*Directions*
Leaving out pictures, output exactly the lines below from the one that has "Детские лыжные зимние" through the one that has "Mit diesem Drehstuhl", and nothing else.

*Recorded data*
# # # #
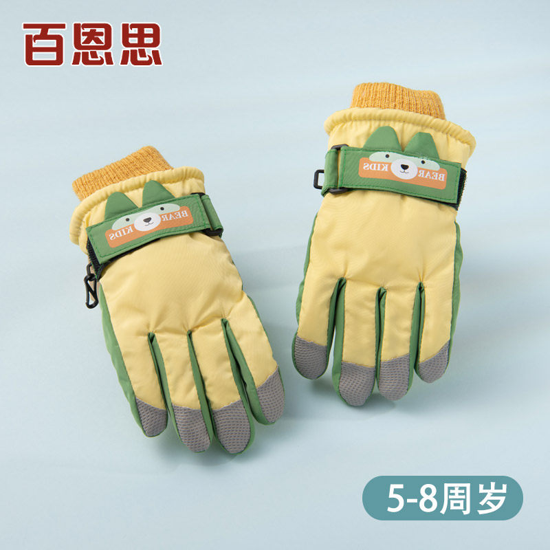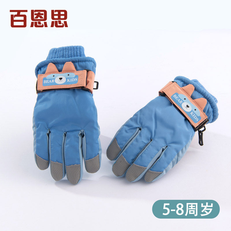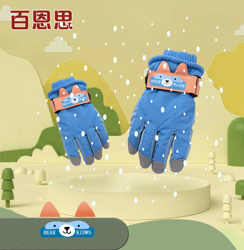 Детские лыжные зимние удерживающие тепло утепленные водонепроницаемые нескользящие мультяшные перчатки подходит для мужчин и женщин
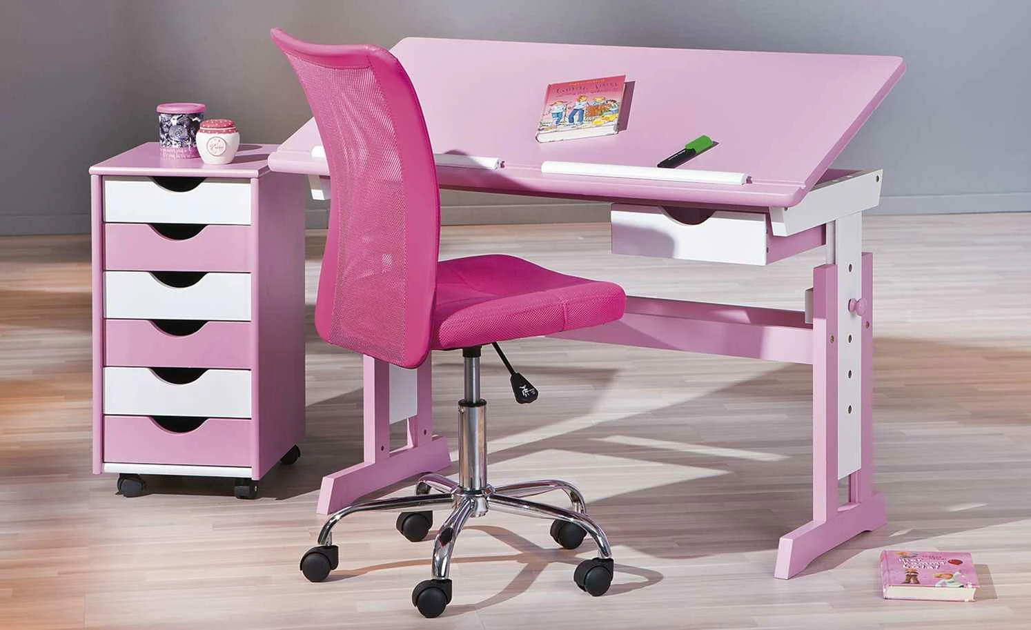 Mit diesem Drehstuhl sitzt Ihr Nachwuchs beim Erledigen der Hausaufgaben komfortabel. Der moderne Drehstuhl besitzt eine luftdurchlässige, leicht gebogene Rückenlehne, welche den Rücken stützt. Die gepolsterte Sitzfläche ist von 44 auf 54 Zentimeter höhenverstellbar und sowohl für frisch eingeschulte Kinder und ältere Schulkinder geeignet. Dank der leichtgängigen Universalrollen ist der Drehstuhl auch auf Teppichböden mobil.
# # # #
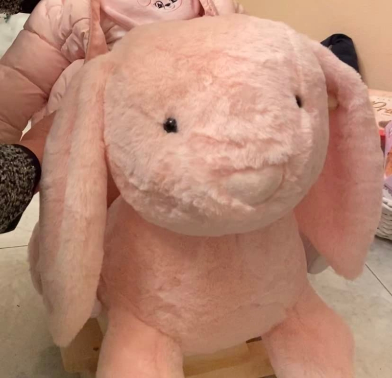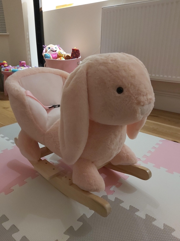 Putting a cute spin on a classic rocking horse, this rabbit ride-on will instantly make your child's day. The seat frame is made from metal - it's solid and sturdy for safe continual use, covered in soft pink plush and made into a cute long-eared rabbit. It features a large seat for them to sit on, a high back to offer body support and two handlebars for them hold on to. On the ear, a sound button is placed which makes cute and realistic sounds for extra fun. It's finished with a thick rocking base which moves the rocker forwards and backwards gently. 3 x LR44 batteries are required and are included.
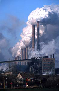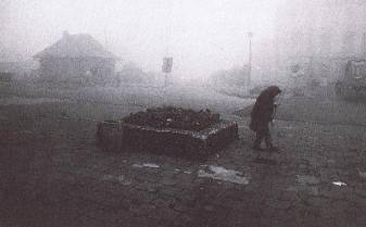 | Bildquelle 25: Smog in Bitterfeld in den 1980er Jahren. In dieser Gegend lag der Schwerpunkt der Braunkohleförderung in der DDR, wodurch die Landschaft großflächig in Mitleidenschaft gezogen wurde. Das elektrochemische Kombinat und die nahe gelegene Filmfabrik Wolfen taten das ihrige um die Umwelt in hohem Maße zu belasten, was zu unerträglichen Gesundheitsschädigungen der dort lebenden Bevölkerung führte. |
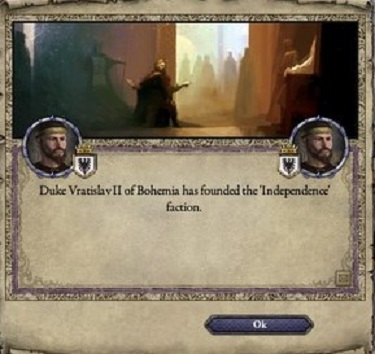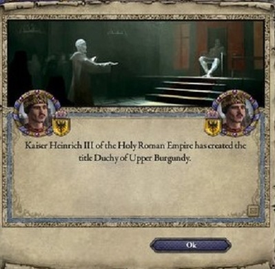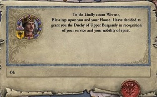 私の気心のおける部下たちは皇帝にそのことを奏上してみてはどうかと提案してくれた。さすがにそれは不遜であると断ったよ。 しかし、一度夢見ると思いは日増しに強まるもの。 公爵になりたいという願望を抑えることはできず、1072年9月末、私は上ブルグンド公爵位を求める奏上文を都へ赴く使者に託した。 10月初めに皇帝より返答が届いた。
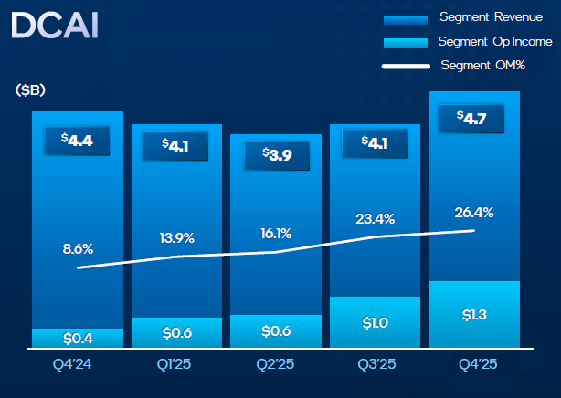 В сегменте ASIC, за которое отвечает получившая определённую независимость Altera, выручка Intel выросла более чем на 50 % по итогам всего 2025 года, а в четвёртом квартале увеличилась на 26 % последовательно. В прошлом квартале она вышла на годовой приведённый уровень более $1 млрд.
# # # #
*Written answer*
 Детские лыжные зимние удерживающие тепло утепленные водонепроницаемые нескользящие мультяшные перчатки подходит для мужчин и женщин
 Mit diesem Drehstuhl sitzt Ihr Nachwuchs beim Erledigen der Hausaufgaben komfortabel. Der moderne Drehstuhl besitzt eine luftdurchlässige, leicht gebogene Rückenlehne, welche den Rücken stützt. Die gepolsterte Sitzfläche ist von 44 auf 54 Zentimeter höhenverstellbar und sowohl für frisch eingeschulte Kinder und ältere Schulkinder geeignet. Dank der leichtgängigen Universalrollen ist der Drehstuhl auch auf Teppichböden mobil.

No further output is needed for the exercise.